WORK REQUIRED - Word for word, restate the lines of the data below between those holding "LA SILUETA ANCHA" and "L'arte orologiaia patrimonio", inclusive; pictures do not belong in the copy.

------ SUPPLIED MATERIAL

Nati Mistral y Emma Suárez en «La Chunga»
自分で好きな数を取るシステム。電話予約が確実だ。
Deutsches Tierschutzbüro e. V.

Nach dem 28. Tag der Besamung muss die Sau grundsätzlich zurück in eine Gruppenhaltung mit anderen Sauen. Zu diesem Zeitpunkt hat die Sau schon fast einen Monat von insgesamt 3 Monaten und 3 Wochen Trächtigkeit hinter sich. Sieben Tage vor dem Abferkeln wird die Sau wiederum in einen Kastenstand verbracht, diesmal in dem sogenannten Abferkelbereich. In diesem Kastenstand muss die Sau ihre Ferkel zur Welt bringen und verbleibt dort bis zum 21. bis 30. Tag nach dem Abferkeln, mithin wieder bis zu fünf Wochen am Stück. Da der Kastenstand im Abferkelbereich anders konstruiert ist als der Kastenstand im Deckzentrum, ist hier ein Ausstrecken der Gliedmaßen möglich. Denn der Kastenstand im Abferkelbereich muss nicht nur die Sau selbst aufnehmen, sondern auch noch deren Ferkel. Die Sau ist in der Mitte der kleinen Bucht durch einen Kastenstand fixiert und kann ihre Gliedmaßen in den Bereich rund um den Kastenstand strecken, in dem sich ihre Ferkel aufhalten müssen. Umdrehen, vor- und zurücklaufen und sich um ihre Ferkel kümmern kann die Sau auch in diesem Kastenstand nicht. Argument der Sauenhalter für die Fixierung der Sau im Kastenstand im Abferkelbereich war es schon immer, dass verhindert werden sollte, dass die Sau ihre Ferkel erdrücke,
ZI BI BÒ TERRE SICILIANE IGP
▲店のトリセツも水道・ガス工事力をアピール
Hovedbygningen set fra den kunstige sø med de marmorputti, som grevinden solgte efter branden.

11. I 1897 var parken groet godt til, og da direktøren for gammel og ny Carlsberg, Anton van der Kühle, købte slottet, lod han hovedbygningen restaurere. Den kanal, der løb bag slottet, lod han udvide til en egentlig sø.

------------
------ SUPPLIED MATERIAL

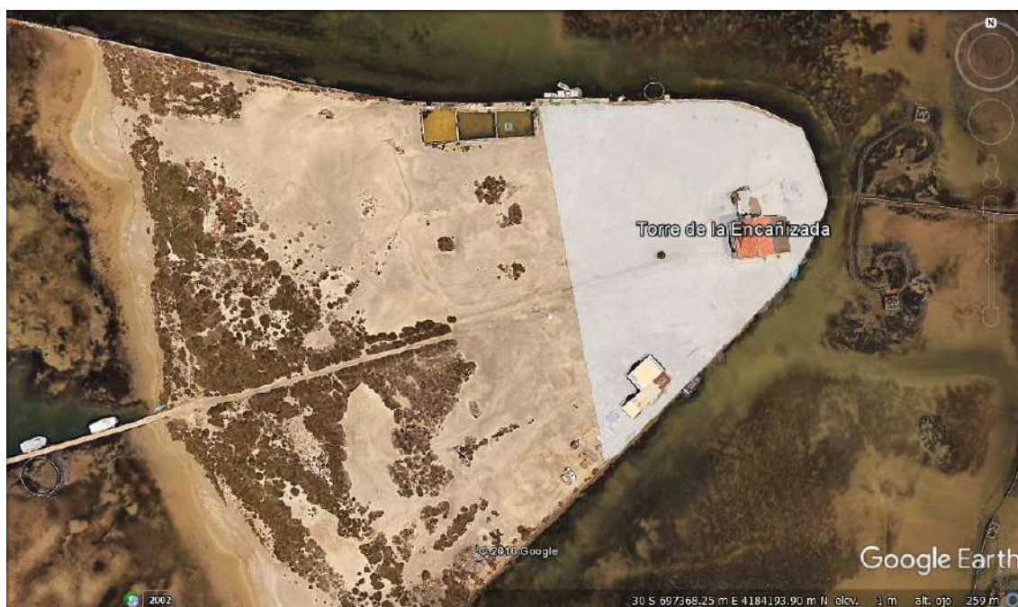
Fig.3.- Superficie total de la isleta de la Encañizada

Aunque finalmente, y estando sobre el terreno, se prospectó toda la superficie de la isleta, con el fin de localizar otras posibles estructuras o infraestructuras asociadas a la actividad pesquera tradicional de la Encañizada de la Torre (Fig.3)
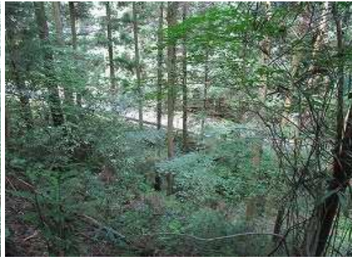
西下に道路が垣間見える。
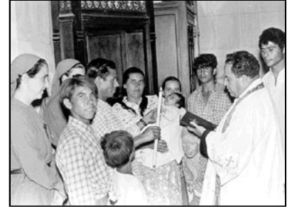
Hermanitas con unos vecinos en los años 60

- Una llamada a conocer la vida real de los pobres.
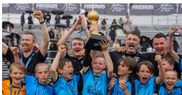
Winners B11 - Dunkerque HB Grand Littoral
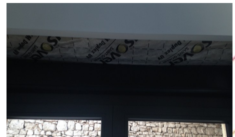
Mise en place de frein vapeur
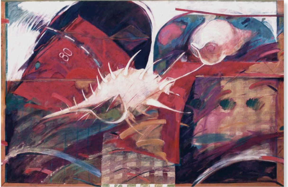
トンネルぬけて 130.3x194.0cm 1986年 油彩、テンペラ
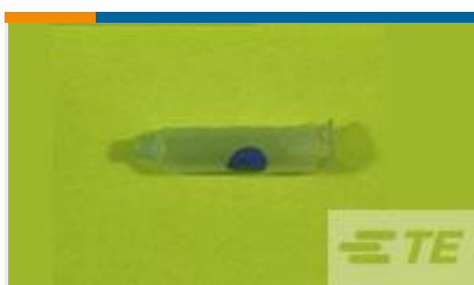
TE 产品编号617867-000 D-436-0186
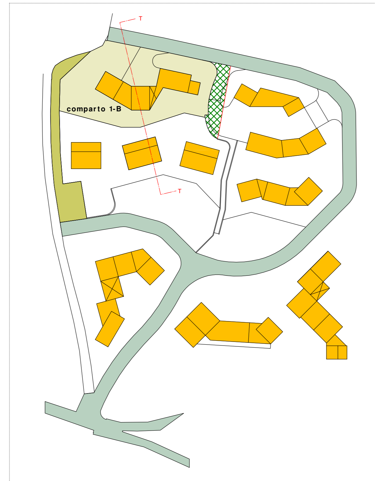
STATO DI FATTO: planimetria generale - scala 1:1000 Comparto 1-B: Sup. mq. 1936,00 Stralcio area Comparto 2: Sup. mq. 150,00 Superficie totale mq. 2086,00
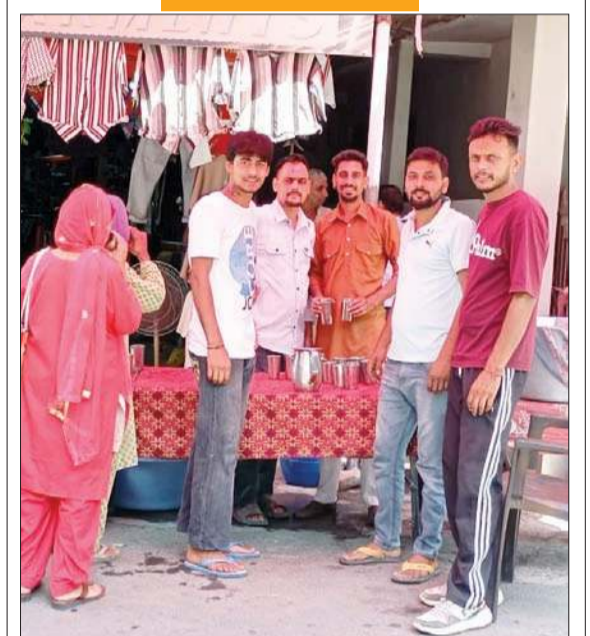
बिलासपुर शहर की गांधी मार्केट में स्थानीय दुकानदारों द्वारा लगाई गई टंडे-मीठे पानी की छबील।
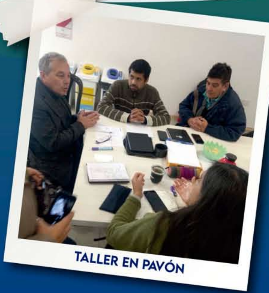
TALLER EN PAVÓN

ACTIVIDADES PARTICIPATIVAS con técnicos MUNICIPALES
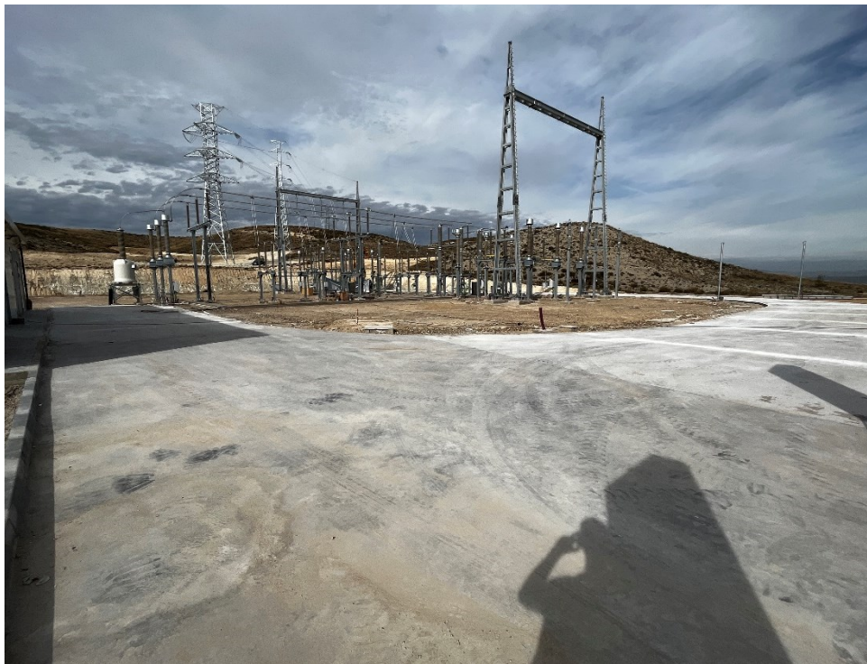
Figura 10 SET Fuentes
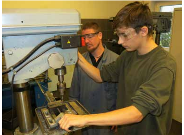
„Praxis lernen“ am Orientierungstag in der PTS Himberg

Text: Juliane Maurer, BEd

------------
------ SUPPLIED MATERIAL

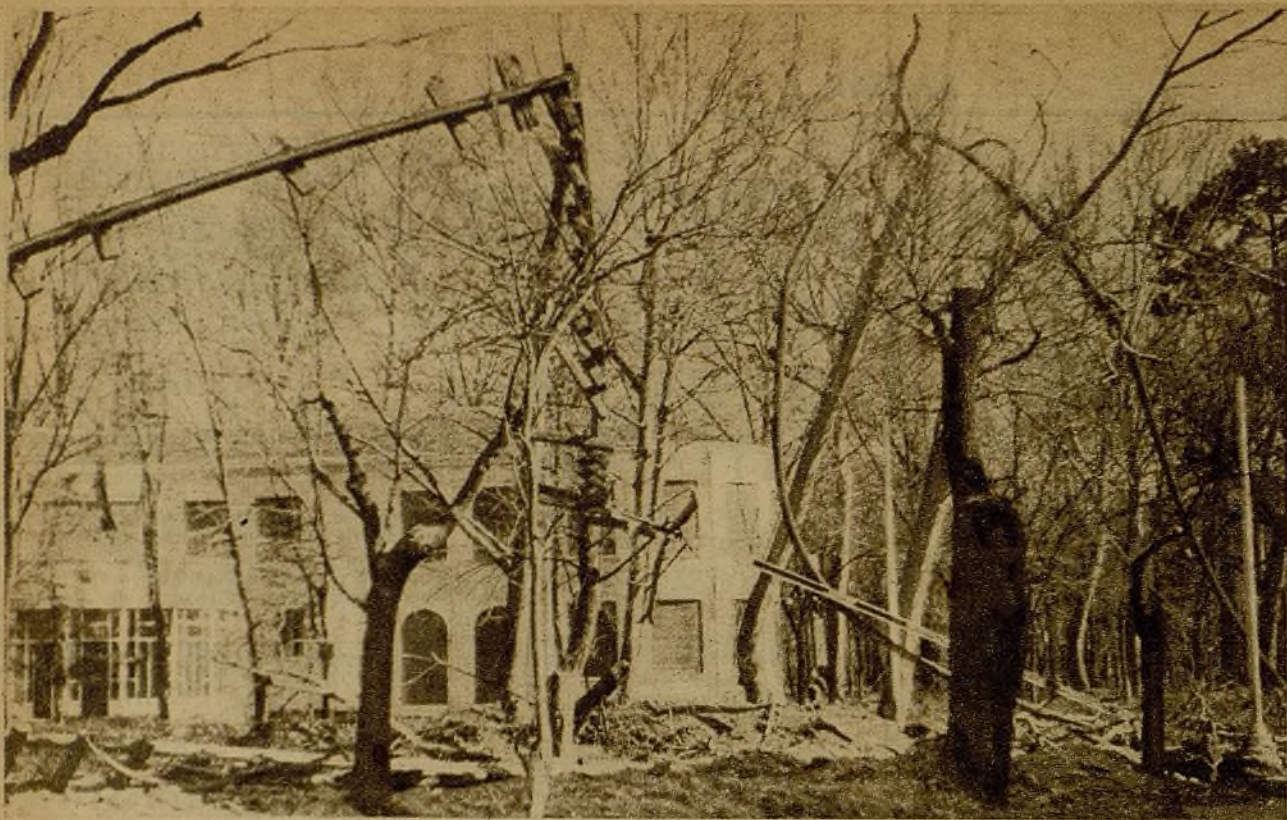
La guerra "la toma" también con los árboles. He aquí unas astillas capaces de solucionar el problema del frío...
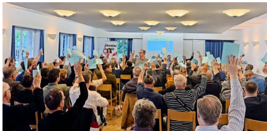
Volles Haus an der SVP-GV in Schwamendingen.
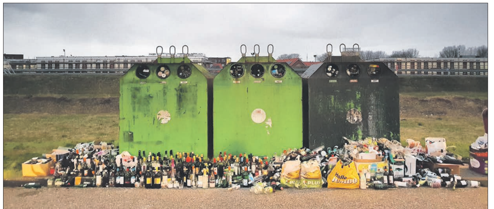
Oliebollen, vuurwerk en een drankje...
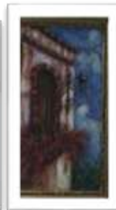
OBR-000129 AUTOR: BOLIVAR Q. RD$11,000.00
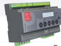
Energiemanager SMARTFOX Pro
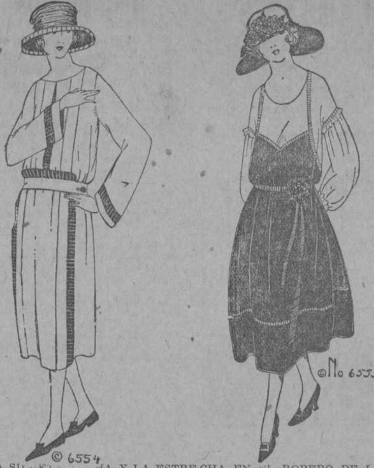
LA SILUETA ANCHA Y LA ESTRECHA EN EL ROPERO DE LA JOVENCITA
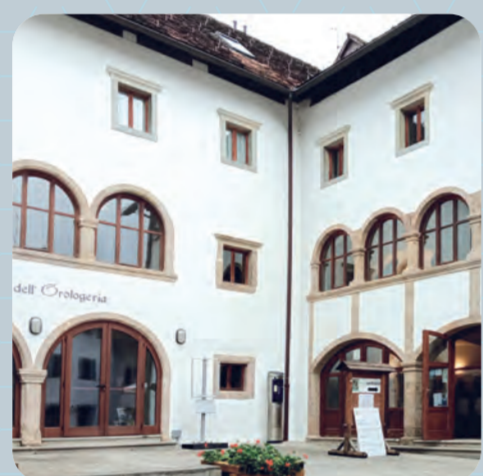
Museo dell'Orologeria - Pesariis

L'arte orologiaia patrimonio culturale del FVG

------------

ANSWER -
LA SILUETA ANCHA Y LA ESTRECHA EN EL ROPERO DE LA JOVENCITA
Museo dell'Orologeria - Pesariis

L'arte orologiaia patrimonio culturale del FVG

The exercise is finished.